# LOTM - October 2021 (mowww)



## ericgautier (Apr 22, 2017)

We are now accepting nominations for October 2021 LOTM!

Go ahead and nominate one member journal that has caught your eye!

When nominating, please link to both the member's lawn journal and the one photo that you want to appear below.

Photo submissions must be current (taken since the first of this month), nominees must not have won LOTM within the last 12 months, and self nominations are not permitted.

October 2021 Nominations:

1) JerseyGreens - Lawn Journal









2) SeanBB - Lawn Journal









3) mowww - Lawn Journal









4) jskierko - Lawn Journal


----------



## jskierko (Sep 5, 2020)

I'd like to nominate @JerseyGreens.
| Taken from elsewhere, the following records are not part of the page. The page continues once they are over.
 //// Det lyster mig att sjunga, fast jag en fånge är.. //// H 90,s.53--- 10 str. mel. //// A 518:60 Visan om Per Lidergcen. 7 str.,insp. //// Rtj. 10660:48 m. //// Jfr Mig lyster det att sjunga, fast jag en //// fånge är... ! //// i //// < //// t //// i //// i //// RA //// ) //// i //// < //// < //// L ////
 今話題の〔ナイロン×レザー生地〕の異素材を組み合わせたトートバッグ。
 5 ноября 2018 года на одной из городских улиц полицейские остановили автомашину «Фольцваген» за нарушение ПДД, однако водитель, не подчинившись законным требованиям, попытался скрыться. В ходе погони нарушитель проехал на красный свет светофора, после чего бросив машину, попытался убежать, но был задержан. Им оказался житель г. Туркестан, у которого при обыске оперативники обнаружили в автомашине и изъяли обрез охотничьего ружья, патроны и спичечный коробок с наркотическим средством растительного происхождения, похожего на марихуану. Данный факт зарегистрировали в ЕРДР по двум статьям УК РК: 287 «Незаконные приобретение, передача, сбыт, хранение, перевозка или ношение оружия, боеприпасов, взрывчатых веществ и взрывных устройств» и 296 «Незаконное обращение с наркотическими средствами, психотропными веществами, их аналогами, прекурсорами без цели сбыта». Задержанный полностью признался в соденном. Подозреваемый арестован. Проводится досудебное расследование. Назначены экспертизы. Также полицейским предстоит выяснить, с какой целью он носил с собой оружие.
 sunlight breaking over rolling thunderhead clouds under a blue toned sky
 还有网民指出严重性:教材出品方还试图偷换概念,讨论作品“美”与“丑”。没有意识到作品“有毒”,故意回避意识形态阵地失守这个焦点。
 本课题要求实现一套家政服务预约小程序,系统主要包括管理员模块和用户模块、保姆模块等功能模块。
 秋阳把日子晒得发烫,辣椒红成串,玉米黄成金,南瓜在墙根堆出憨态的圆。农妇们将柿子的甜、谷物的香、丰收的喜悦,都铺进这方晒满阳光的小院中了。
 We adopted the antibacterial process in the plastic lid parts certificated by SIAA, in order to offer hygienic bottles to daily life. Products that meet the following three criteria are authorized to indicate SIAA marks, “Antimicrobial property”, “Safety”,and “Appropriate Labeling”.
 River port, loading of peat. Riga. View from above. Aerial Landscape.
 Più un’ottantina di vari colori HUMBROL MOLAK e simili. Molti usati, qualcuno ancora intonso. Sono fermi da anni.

Guy basically takes the whole summer off, wakes up into fall with this lawn, and still continues to put in work to improve.

JerseyGreens Lawn Journal


----------



## Redtwin (Feb 9, 2019)

Promises made, promises kept. Let's get some paspalum in the LOTM world! I nominate @SeanBB!

SeanBB's Platinum TE Paspalum Lawn Journal


----------



## MNLawnGuy1980 (May 10, 2019)

I would like to submit @mowww's lawn. His lawn is looking great. 
https://thelawnforum.com/viewtopic.php?f=27&t=7587&start=220


----------



## mowww (Jan 16, 2018)

@MNLawnGuy1980 thank you! It's been a tough year with the watering restrictions and drought earlier but feeling like it's starting to hit its stride.


----------



## SeanBB (Jul 11, 2020)

Yes! Thanks @Redtwin ! You're the man. Micro paspalum lawns for life!!


----------



## JDgreen18 (Jun 14, 2018)

I would like to nominate @jskierko his lawn is on point.
https://thelawnforum.com/viewtopic.php?f=27&t=25754


----------



## gregonfire (Sep 18, 2017)

Damn @JDgreen18 beat me to it.

@jskierko gets a nomination from me as well. Awesome stuff going on in his journal.


----------



## ericgautier (Apr 22, 2017)

Poll is up! Get your votes in.


----------



## SeanBB (Jul 11, 2020)

I'm getting smoked!


----------



## Amoo316 (Jul 8, 2021)

SeanBB said:


> I'm getting smoked!


The Cool Season folks are killing us right now. Not much we can do against some of those stripes and the affinity for them on this forum.


----------



## Ware (Jan 28, 2017)

Congrats @mowww!


----------



## Redtenchu (Jan 28, 2017)

Congratulations!


----------



## JerseyGreens (Aug 30, 2019)

Amoo316 said:


> SeanBB said:
> 
> 
> > I'm getting smoked!
> ...


Congratulations @mowww !!

Usually the opposite happens @Amoo316 - the cool season gang will typically get 3 out 4 nominations and the remaining one could be a warm season lawn. You warm guys all get together to support the latter while the 3 others get their votes spread around!!

Great friendly competition nonetheless!


----------



## mowww (Jan 16, 2018)

Thanks everyone! I feel very fortunate to be nominated with these other lawns. So many great pieces of turf on TLF, it's a lot of fun watching them all get a little better day by day. I appreciate the help folks have given me over the past few years, lots of good info on here.

On another note as the season winds down: I selfishly hope a few of you warm season guys are overseeding at least Part of your lawn - I'll need something to stare at and follow all winter that isn't a pile of snow.


----------



## SeanBB (Jul 11, 2020)

Congrats @mowww you killed it! Lawn looks great, great work! 👍


----------



## mowww (Jan 16, 2018)

@SeanBB thank you!


----------



## pennstater2005 (Jul 17, 2017)

Orange oooohhhh!!! Congrats :thumbup:


----------